Opened 13 years ago
Last modified 7 years ago
#3732 reopened enhancement
Moderation, blacklisting, and flooding
Reported by: | johnjamesjacoby | Owned by: | johnjamesjacoby |
---|---|---|---|
Milestone: | Awaiting Contributions | Priority: | high |
Severity: | normal | Version: | 1.6 |
Component: | Activity | Keywords: | needs-patch |
Cc: | patricksaad, vivek@… |
Description
With spam an ever increasing concern, BuddyPress is currently ill equipped to prevent spam or unapproved content before it starts. As such, BuddyPress core needs functions that can check any submitted data against WordPress core's illegal keys, as well as protect any child component from flooding.
Change History (15)
#5
@
13 years ago
- Resolution set to fixed
- Status changed from new to closed
Functions are in, activity stream is using it. Other components can take advantage of this at a later date. Note that bbPress 2 already uses these. Closing as fixed.
#7
@
12 years ago
- Resolution fixed deleted
- Status changed from closed to reopened
The function bp_core_check_for_flood in bbp-core-moderation.php is not hooked to anything. No flood control on activity page.
#10
@
12 years ago
- Component changed from Core to Activity
- Keywords needs-patch added
- Milestone changed from 1.7 to Future Release
- Priority changed from major to high
#13
@
7 years ago
Can verify in trunk that comment:7 above is accurate. We still are not hooking bp_core_check_for_flood() into anything. Not quite sure offhand where we would want to.
#14
@
7 years ago
comment:7 is correct.
There is reference to a _bp_throttle_time
option and a _bp_last_posted
user meta being saved, but we do not use any of this at the moment.

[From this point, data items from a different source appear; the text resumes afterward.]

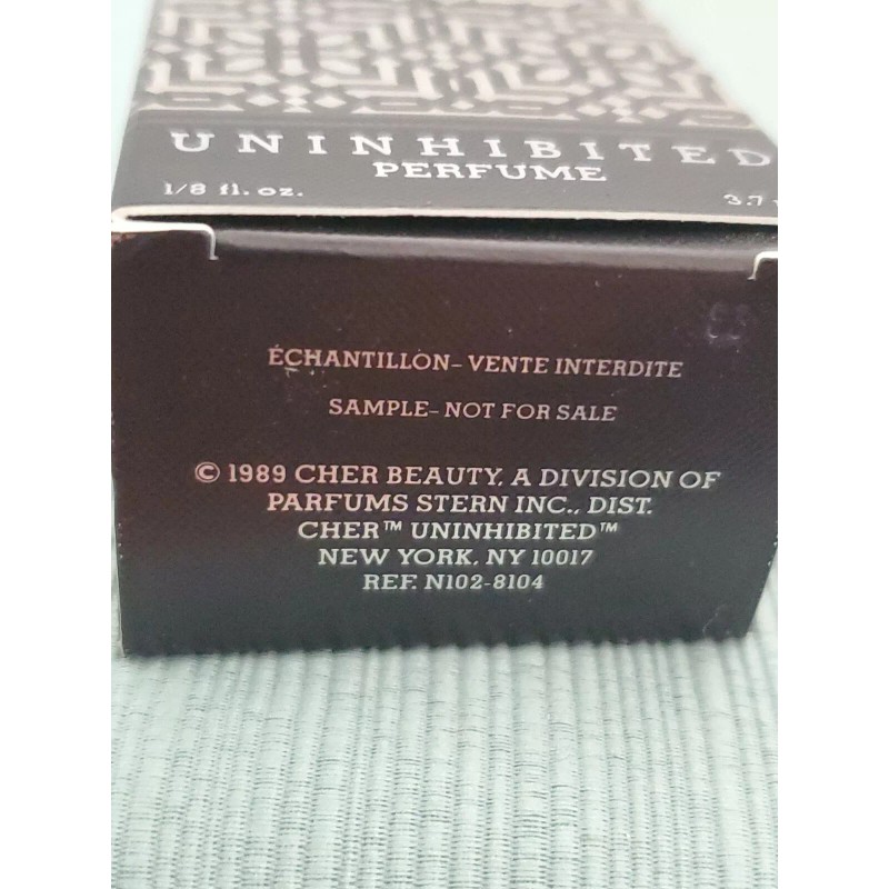 CHER UNINHIBITED PURE PERFUME SPLASHThe long discontinued Cher Uninhibited perfume classic. 3.7 ml mini perfume (not eau de toilette) Uninhibited by Cher is a Floral Aldehyde fragrance for women. Uninhibited was launched in 1987. The nose behind this fragrance is Francis Bocris. Top notes are Aldehydes, Bergamot and Orange; middle notes are Ylang-Ylang, Heliotrope, Tobacco, Geranium, Rose and Jasmine; base notes are Vanille, Sandalwood, vetyver and Virginia Cedar. ***The Cher Uninhibited line was created in 1987. This product is vintage. The container has not been opened, so I do not know how the product smells*** Price reflects the age of the product.
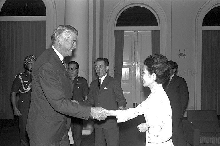 GOVERNOR OF NEW SOUTH WALES SIR RODEN CUTLER CALLS ON PRESIDENT DR BENJAMIN HENRY SHEARES AT ISTANA
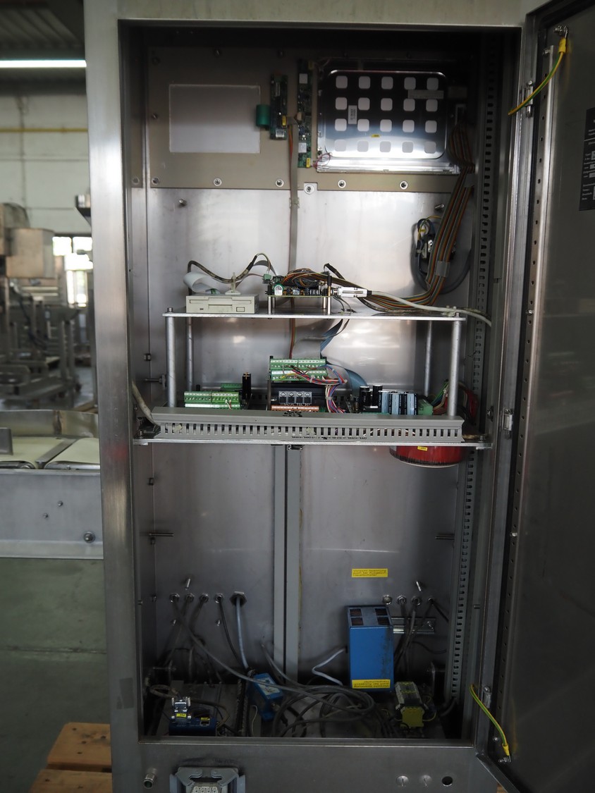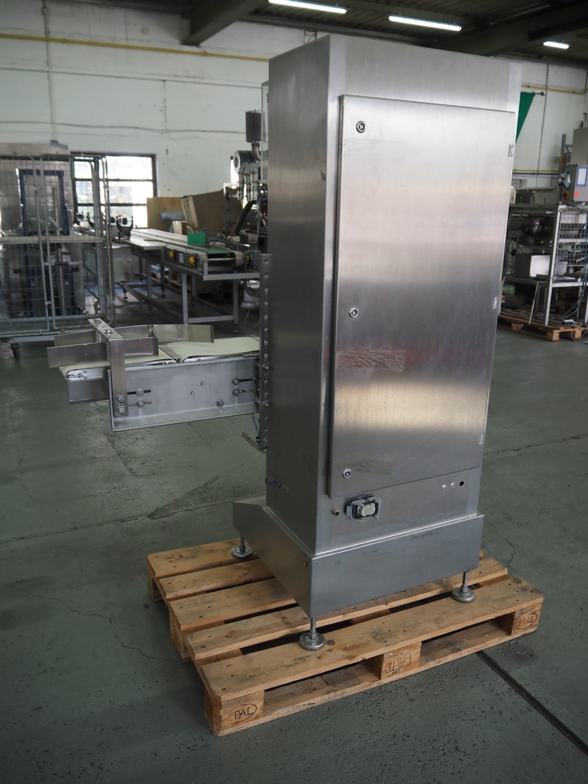Liebel checkweigher with sorting line, type weigher: USS 12, fabrication number: 09 005, year of construction: 2009, 230/400 V, 50 Hz, 6 A, maximum weight: 500 g, minimum weight: 80 g, capacity: 120 pieces per min, belt width: 200 mm, total dimensions: 1550 mm x 780 mm x 1660 mm, sorting line with 12 ejectors, belt width: 200 mm, total dimensions: 6050 mm x 900 mm x 1400 mm.
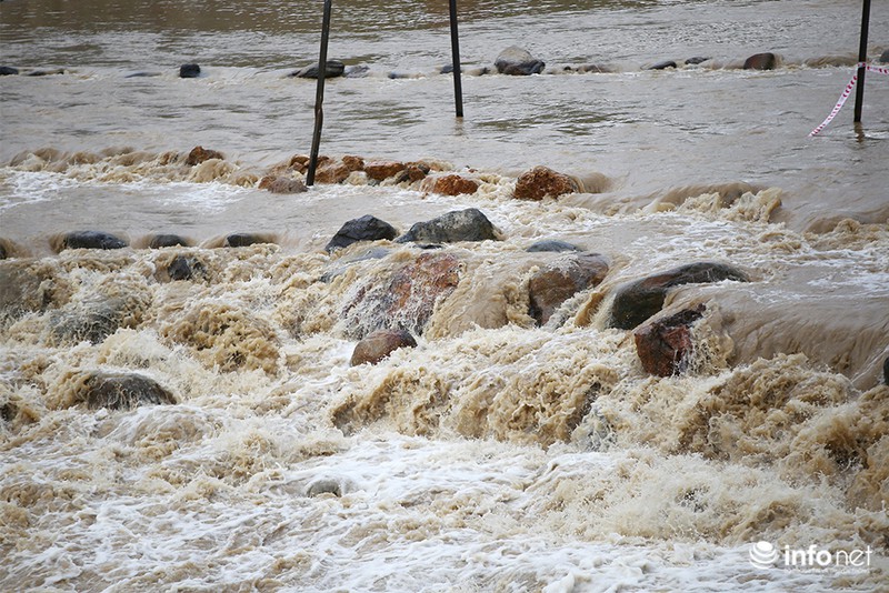 Lũ dữ từ thượng nguồn đã "ăn sâu" vào 2 bên bờ, nhiều đoạn nguy hiểm được rào chắn cảnh báo. |
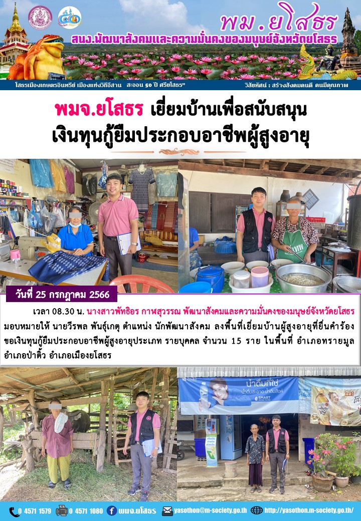 พมจ.ยโสธร เยี่ยมบ้านเพื่อสนับสนุนเงินทุนกู้ยืมประกอบอาชีพผู้สูงอายุ (25 กรกฎาคม 2566)

Could piggyback onto the WP comment moderation throttle time to start. The _bp_last_posted
user meta entry might be problematic because it could be too general. For example, components might want to have a separate throttle based on their content instead of a site-wide throttle.
#15
@
7 years ago
These were lifted straight from bbPress 2's implementation, which had changed slightly since this was put in, so we'd want to update it.
I think a global throttle period for the user is a fine first step, and if individual components want to have their own specific throttles, those could be implemented later.
The idea with this is to prevent spamming of any repeating action, like sending 50 friend requests a minute kinda thing, and per-component settings aren't necessary to meet that requirement.
(In [5272]) Introduce bbp-core-moderation.php to provide basic functions for checking submitted content against illegal keys and flooding. See #3732.